Breslin looks at the question of continuity from
modern
to contemporary poetry. He is concerned with throwing a look
on "poetic procedures" that in 1980 are "beginning to look a
little too easy, stiff, and predictable to younger poets."
Breslin justifies his thesis that in the 50s and 60s an
"antiformalist" revolt took place by employing a
"historically informed criticism." (p.xiv) A very useful
approach is that in Chapter I, "The End of the Line,"
Breslin sets up three generations of poets (roughly
according to being born before 1900, and before and after
1920) and contrasts them in their claim for "new poetry."
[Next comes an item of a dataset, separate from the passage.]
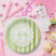 Green and Gold Striped Personalised Baby Shower Plate. Just add in either mum to be's or baby's name in the customise area.

The first generation did not have to struggle with
predecessors, yet the setting up of their own rules and the
solitary, scantly acknowledged strive for new poetry was a
nurturing ground for their work. The second, under the
shadow of the first, lived in a death-bringing maelstrom of
finding identity beyond their predecessors. Their escape was
the New Criticism. The third generation that profited from
both the break in literature the first generation had
brought and from the receptive audience the second
generation had produced, is his focus. He analyses their
work and distinguishes them into traditionalist and
"counterpoetic."
Thus, in the following chapters, he develops a
long, and often very tedious, study on the poets of the
fifties and sixties. In five chapters he writes about the
main proponents of the Beat and the Confessional poets, the
Black Mountain Group, the Deep image and the New York group,
namely Allen Ginsberg, Robert Lowell, Denise Levertov, James
Wright and Frank O'Hara.
Generally, Breslin's approach is to look at
biography as well as poetry of the writer and he
distinguishes him from his precedents. He also points out
the singularity of the writer, which on the one hand keeps
him from pressing
his work into the mould of his thesis, yet also distracts
from his approach.
The problem of oversimplification and reduction
by choosing only a few poets out of many, Breslin manages in
looking at the whole generation in Chapters 2 and 3 that set
up the traditionalist and the counterpoetics. While these
chapters in my opinion get lost in details and analyses of
single poets, his studies of the five important proponents
of this period are generally clear and sharply
distinguished.
Personally I do not find his poem analyses very
helpful. Ginsberg's "Howl," for example, is an in-depth
study that links the poem conveniently to his life and the
people who influenced him, but in the abundance of
information I lost track of his argument. I also could not
agree with all of his interpretations.
His last chapter "Our town: Poetry and Criticism
in the Early Eighties" is an interesting outlook on the
fourth generation. He now also provides a cultural
background. It serves very well as a conclusion of his work.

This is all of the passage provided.